Colour vision deficiency contributes to difficulty in identifying and/or distinguishing between an array of colours or shades; opposed to total colour blindness which is the inability to see colour overall. However, as a medical condition to which many individuals live with, its impairments  can be a strain, as it is not taken account for in society. It can impede their aspirations as some careers, such as becoming a pilot, require successful completion of a colourblind vision test day to day life. Moreover, in everyday life, colour coded information, such as street signs and educational visuals, impair an individual’s ability to navigate the world. However, this is an inspirational makeup artist that was able to learn about colour and makeup with the help of her colleagues. At the end of this article, we will provide the video that expresses her talents and her tips!

Defining Colour Blindness 

The retina has two types of cells that helps in detecting light which are known as rods and cones. Rods are able to perceive only light and dark and are very sensitive to low light levels, while cone cells recognize color. There are three types of cones that see color: red, green and blue. The brain uses input from these cone cells to determine our color perception.

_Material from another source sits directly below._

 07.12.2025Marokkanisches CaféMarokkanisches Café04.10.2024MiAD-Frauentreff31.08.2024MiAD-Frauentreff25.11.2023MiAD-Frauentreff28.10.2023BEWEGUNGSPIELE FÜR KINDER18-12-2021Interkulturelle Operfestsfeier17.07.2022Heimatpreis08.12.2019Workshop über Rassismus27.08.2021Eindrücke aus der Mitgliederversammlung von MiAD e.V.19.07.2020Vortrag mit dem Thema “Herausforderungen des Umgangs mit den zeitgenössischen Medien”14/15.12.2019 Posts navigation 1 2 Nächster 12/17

Individuals with the colour blindness have cone cells which are absent, not functioning, or unable to distinguish different hues. Typically, most primates are trichromats, which means that they have three colour vision photopigments. Other mammals are classified as dichromats and have two colour vision photopigments. Even surprisingly, Some birds, fish, and reptile have four photopigments allowing them to see ultraviolet light that is invisible to humans! Most often individuals with colour blindness are unable to fully identify red, green or blue light, as they have dichromatic colour vision (only two types of cones). They are not blind, rather, they tend to see colours in in a limited range of hues.  

Symptoms 

Symptoms/clues of colour blindness are usually detected first by parents at a young age. In some rare instances, these symptoms can go undetected, as they range from mild to severe. Some clues include:

Using a wrong colour for unambiguously coloured objects (e.g., using purple for the sun) 

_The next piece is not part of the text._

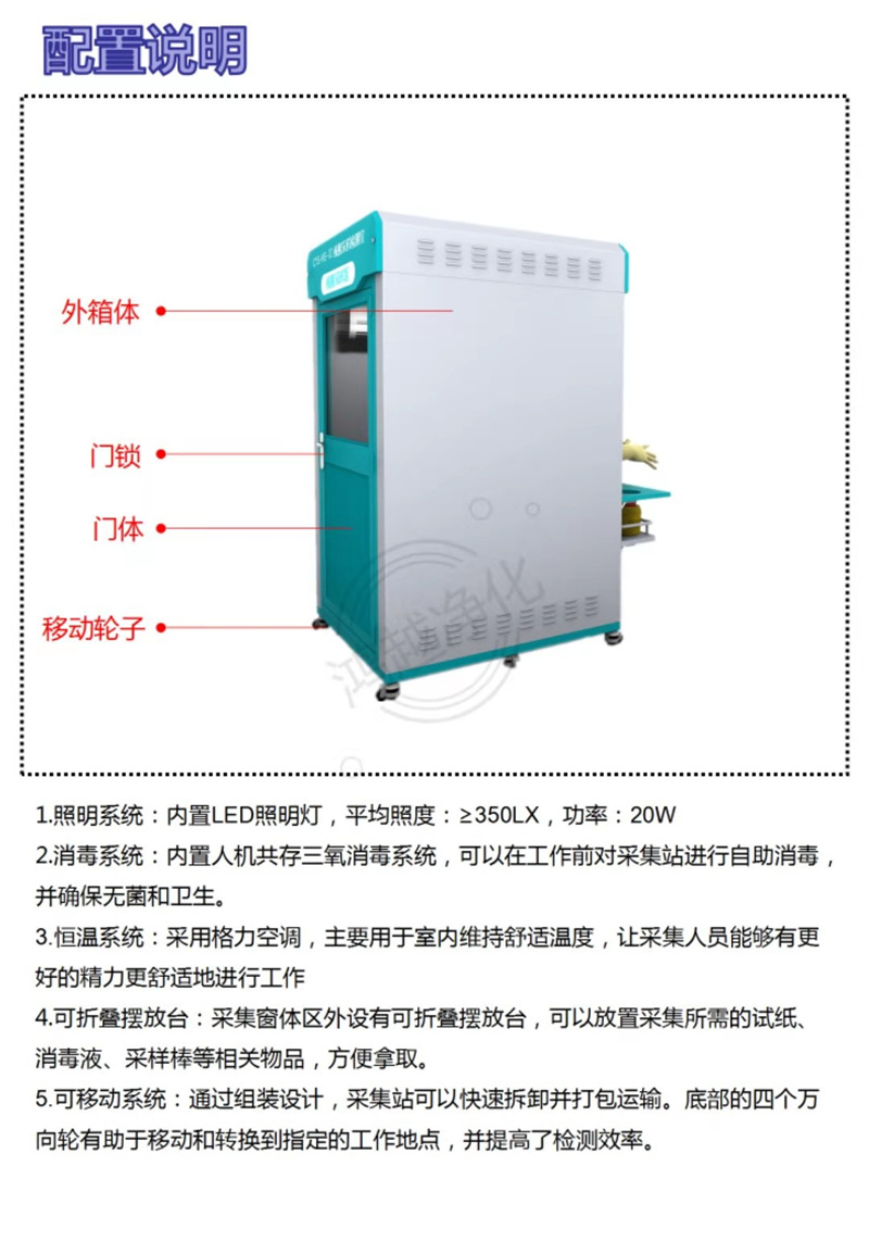 1.消毒系统:内置人机共存三氧消毒系统,可以在工作前对采集站进行自助消毒,

Difficulty reading coloured worksheets 

Inability to tolerate bright lights 

Poor vision 

Inability to distinguish between shades, including similar shades (happens most with red and green and blue and yellow) 

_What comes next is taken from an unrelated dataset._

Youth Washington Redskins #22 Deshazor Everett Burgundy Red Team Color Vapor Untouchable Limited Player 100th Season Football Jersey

Trouble with the brightness of colour 

Inability to see colour at all (see different shades of grey) 

Diagnosis 

Colour blindness is commonly diagnosed during early children with screening tests, such as the Hardy- Rand- Rittler (H-R-R) or Ishihara Colour Plates. The individual is told to identify coloured shapes or numbers that are surrounded by dots. The tests vary in colour and intensity. A physicians will evaluate the type of colour blindness and the level of colour deficiency.

Ishihara Plates - 

The most common testing method for assessing colour vision is known as Ishihara plates. They are used for colour perception tests specifically aimed at those with red-green colour deficiencies. The plates in the test are based on the “pseudo-isochromaticism”, which describes the effect of two or more colours that appear at the same time, when they are very distinct independent colours. The intention for the use of this test was to have results that were easily interpreted, therefore making it more reliable. However, there are many critiques of this method.

Here as some examples: 

As you can see, the circles contain dots of different sizes and shades of different colours, which would be similar to camouflage. Ishihara plates have four ways that portray the different shades of colours to test the identification of colours –

Transformation Plates: those with defective colour vision should see different figures than those with normal vision; this is because of the different hues of colours that are used for the numerals that overlap vs those that do not.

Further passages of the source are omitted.